Brief
Please make sure what you return matches the listing below exactly, minus its pictures.

Supplied data START

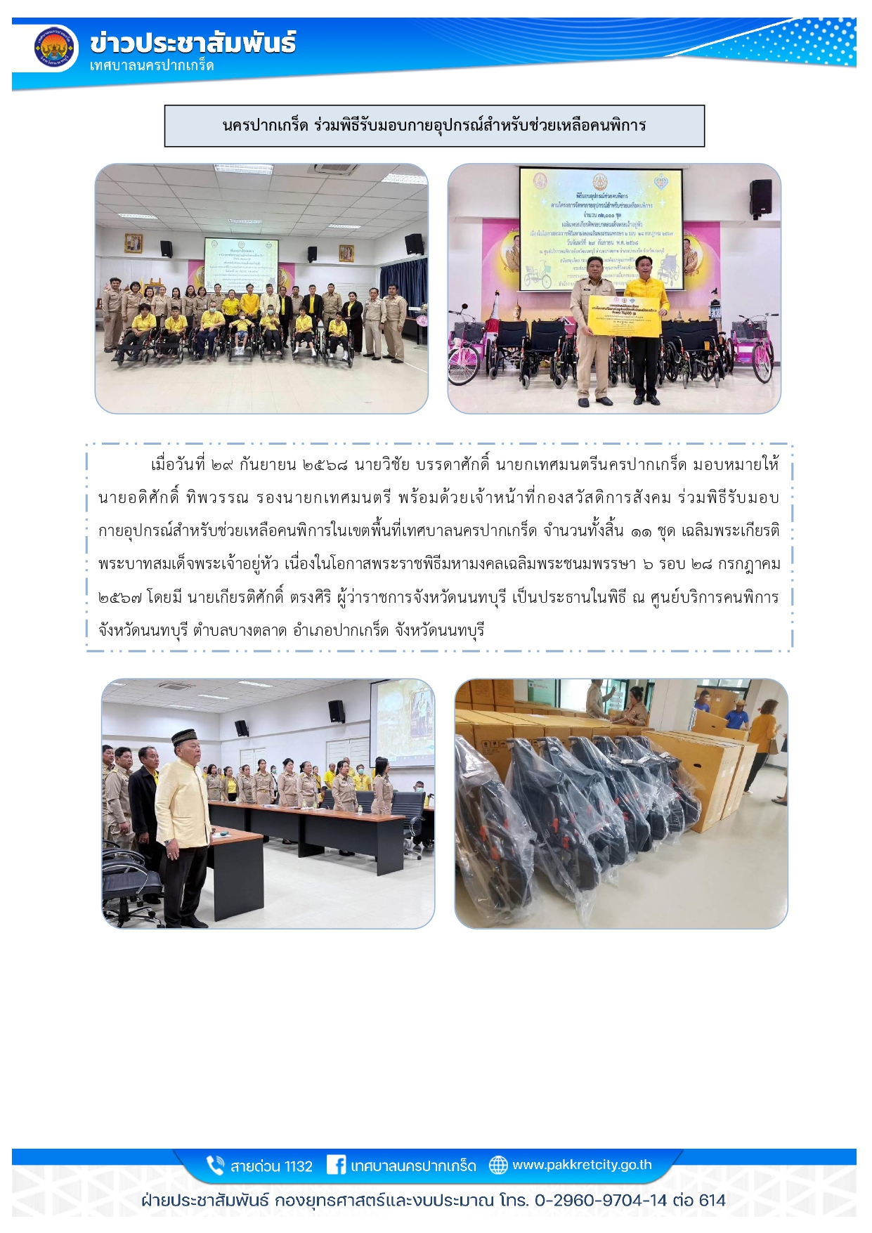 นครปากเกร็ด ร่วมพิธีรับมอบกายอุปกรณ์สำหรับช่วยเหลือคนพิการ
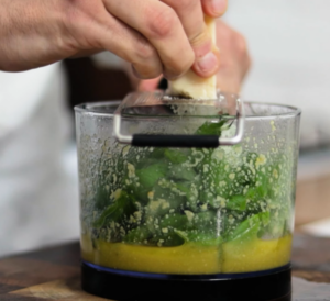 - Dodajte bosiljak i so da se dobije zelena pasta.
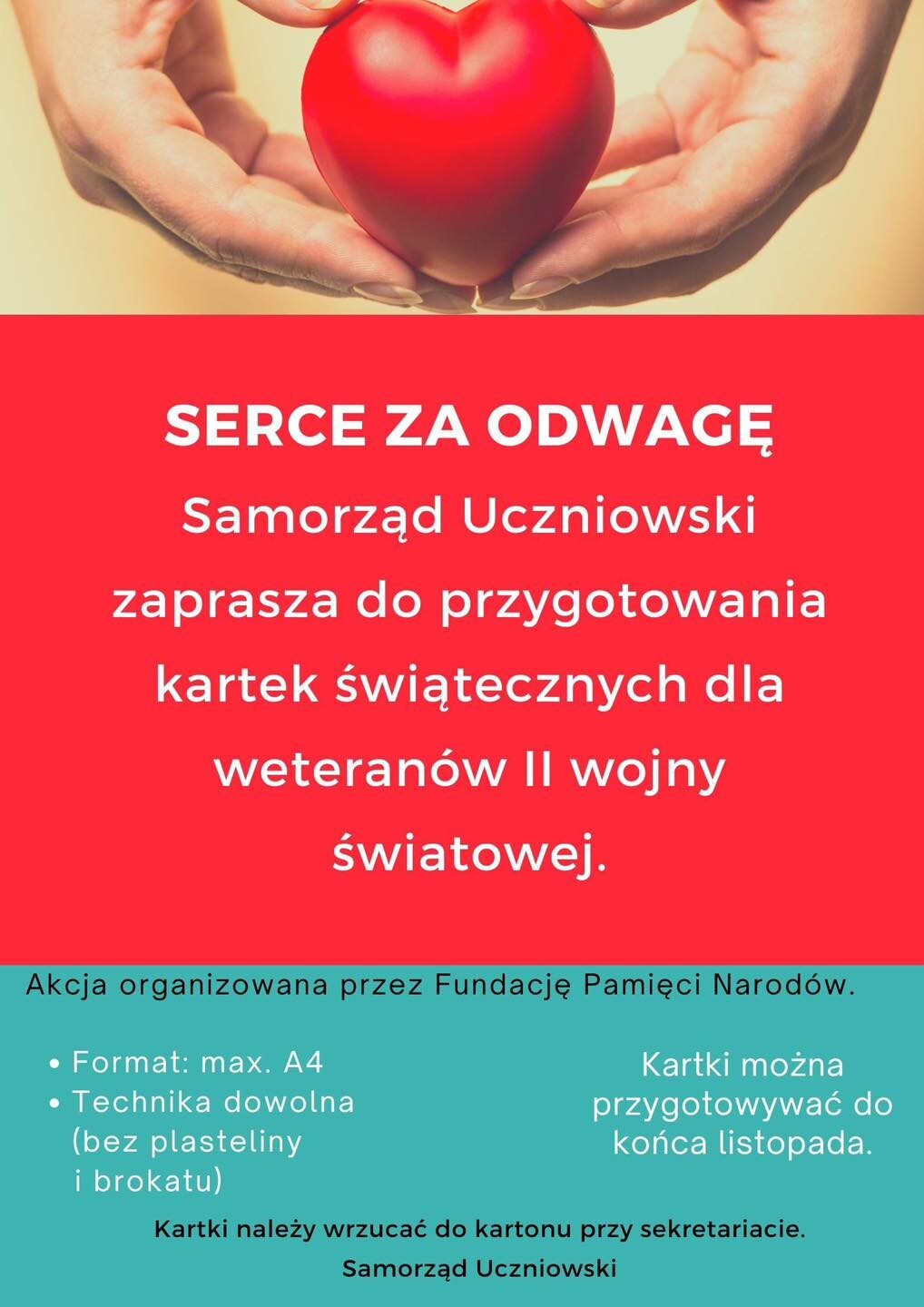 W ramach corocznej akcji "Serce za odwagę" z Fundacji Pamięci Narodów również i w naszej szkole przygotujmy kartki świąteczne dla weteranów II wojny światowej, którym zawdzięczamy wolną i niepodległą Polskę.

Supplied data END

Answer to this task
 นครปากเกร็ด ร่วมพิธีรับมอบกายอุปกรณ์สำหรับช่วยเหลือคนพิการ
 - Dodajte bosiljak i so da se dobije zelena pasta.
 W ramach corocznej akcji "Serce za odwagę" z Fundacji Pamięci Narodów również i w naszej szkole przygotujmy kartki świąteczne dla weteranów II wojny światowej, którym zawdzięczamy wolną i niepodległą Polskę.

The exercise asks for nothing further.